Exercise details - Starting at the first line of the data, print each line verbatim up to and including the line bearing "กระปุก งาน ของเยอรมัน", omitting pictures.

Entries provided -
= = = = = = =
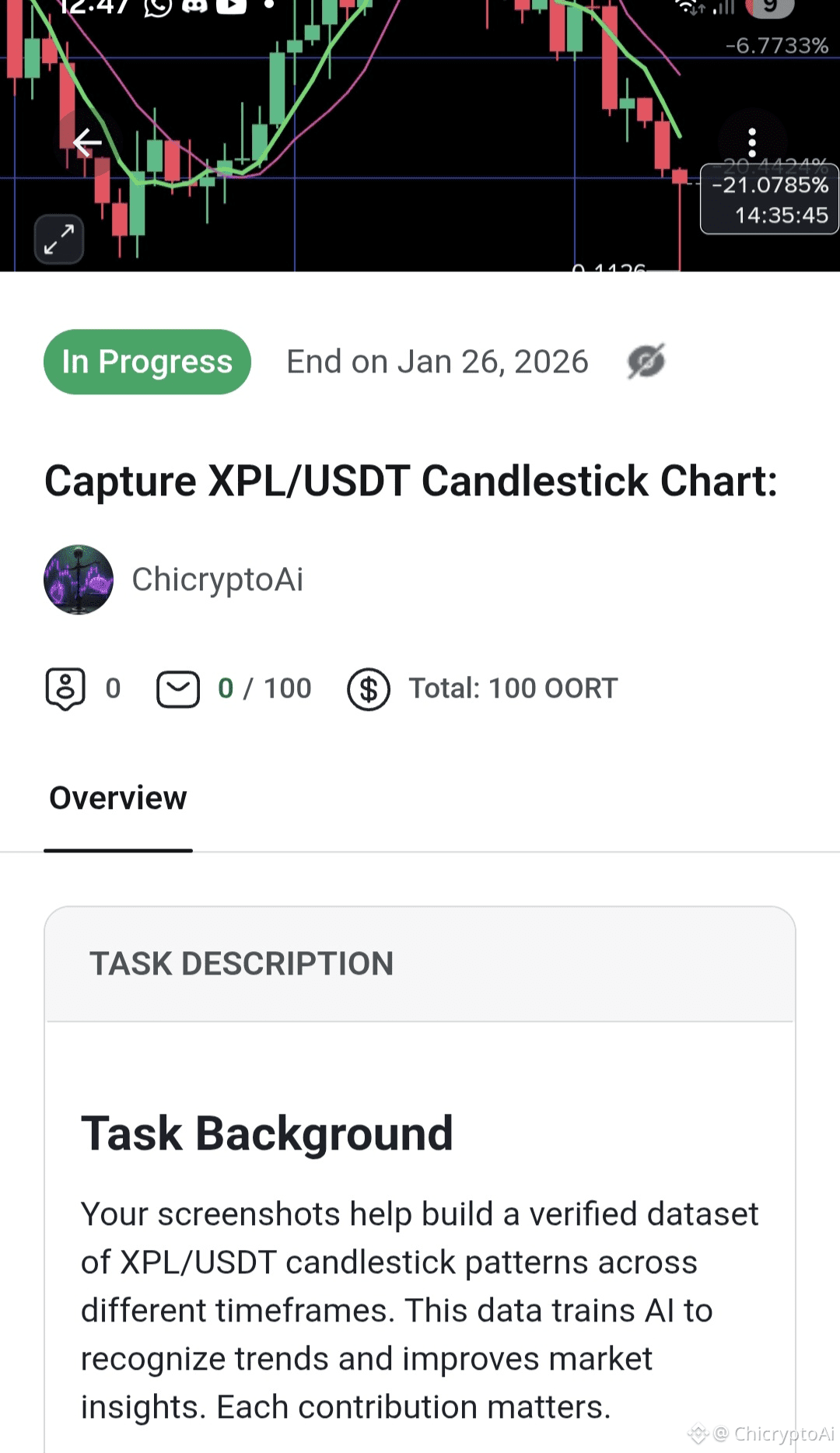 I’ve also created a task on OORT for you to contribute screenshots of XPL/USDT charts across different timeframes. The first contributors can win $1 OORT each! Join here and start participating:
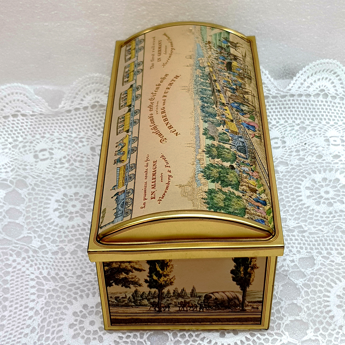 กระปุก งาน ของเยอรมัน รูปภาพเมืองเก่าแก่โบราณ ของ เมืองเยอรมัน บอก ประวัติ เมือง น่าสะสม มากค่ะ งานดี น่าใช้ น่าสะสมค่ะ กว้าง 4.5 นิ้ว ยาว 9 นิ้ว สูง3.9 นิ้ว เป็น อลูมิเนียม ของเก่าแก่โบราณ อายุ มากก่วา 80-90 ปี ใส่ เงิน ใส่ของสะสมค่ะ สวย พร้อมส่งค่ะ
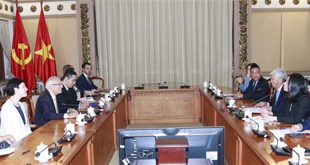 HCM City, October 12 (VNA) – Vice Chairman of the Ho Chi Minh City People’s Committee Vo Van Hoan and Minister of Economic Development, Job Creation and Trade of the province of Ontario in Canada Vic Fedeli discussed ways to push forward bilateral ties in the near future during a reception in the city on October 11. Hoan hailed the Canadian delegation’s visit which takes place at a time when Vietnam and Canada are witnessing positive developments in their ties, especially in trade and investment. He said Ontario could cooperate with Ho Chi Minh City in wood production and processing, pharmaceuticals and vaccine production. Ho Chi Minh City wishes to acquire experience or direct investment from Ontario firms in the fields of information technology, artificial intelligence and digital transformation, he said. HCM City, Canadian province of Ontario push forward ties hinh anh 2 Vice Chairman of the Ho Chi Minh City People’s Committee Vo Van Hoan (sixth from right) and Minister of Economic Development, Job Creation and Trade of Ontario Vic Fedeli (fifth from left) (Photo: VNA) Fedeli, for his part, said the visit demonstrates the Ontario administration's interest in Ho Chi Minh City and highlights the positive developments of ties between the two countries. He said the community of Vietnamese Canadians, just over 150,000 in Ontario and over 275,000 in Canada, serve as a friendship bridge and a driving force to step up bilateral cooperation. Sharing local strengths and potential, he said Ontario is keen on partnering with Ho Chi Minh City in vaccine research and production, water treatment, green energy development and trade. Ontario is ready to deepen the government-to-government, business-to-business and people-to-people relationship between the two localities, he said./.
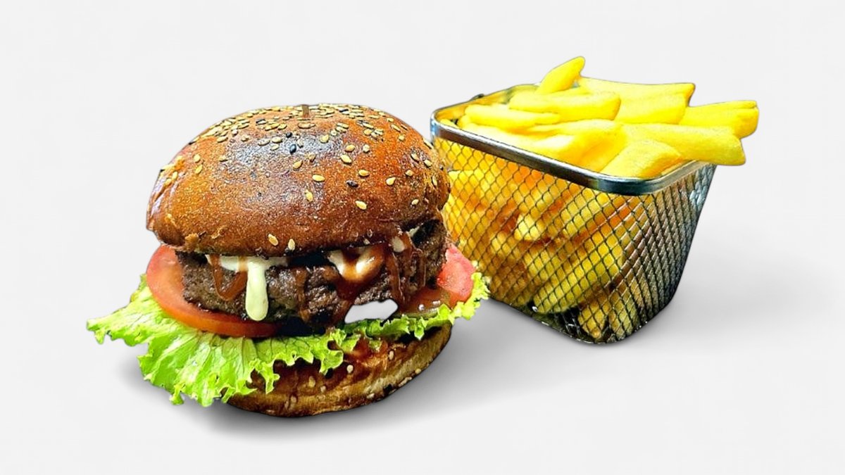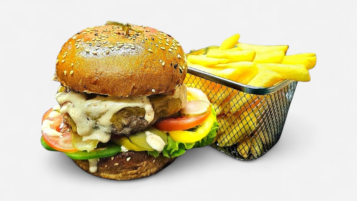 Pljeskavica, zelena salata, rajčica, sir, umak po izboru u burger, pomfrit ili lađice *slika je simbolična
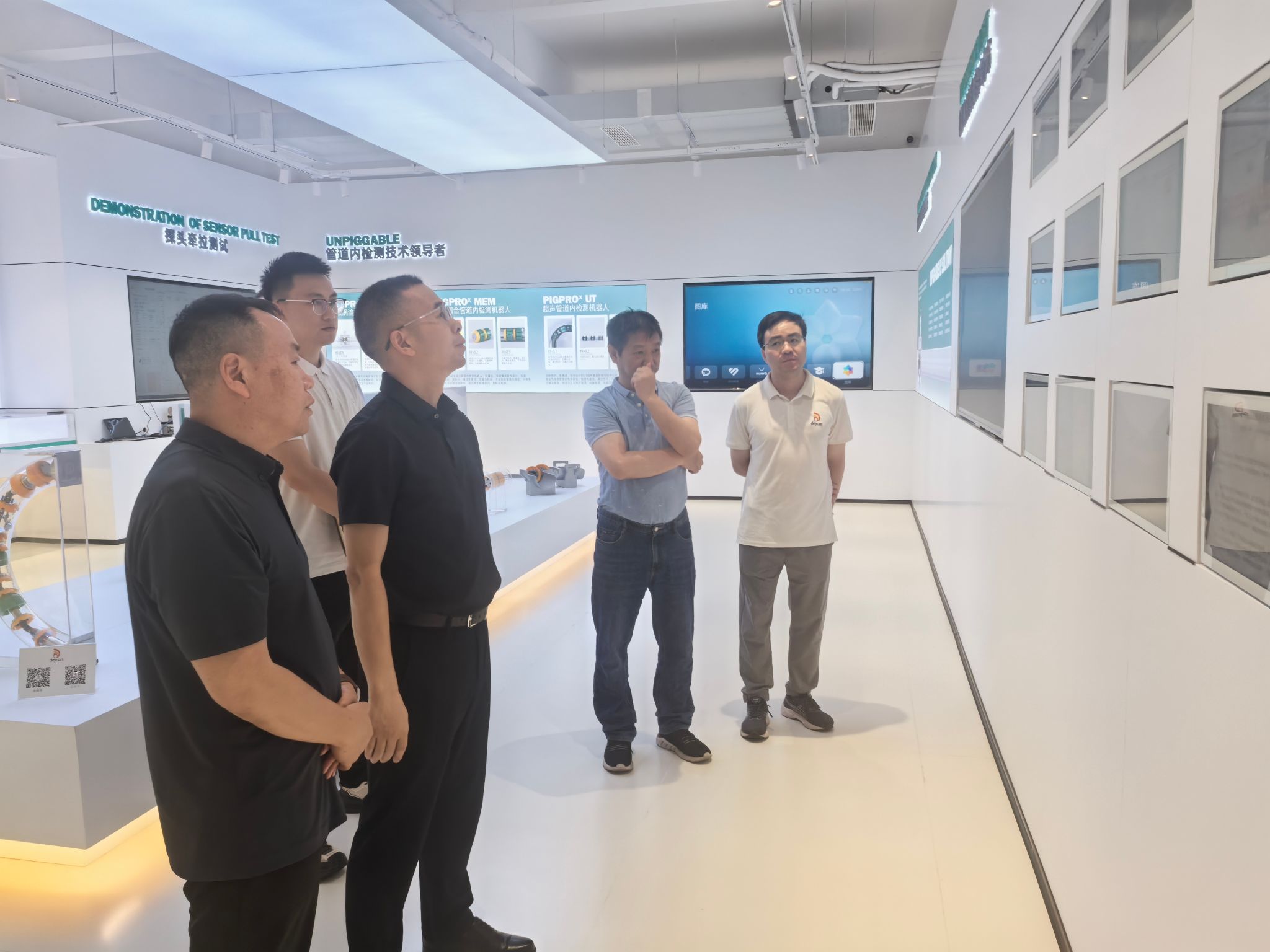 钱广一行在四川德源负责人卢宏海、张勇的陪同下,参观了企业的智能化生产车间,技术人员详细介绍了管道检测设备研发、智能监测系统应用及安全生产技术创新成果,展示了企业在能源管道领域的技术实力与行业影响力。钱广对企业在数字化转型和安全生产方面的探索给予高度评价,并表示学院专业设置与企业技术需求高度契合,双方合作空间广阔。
= = = = = = =
Response box -
 I’ve also created a task on OORT for you to contribute screenshots of XPL/USDT charts across different timeframes. The first contributors can win $1 OORT each! Join here and start participating:
 กระปุก งาน ของเยอรมัน รูปภาพเมืองเก่าแก่โบราณ ของ เมืองเยอรมัน บอก ประวัติ เมือง น่าสะสม มากค่ะ งานดี น่าใช้ น่าสะสมค่ะ กว้าง 4.5 นิ้ว ยาว 9 นิ้ว สูง3.9 นิ้ว เป็น อลูมิเนียม ของเก่าแก่โบราณ อายุ มากก่วา 80-90 ปี ใส่ เงิน ใส่ของสะสมค่ะ สวย พร้อมส่งค่ะ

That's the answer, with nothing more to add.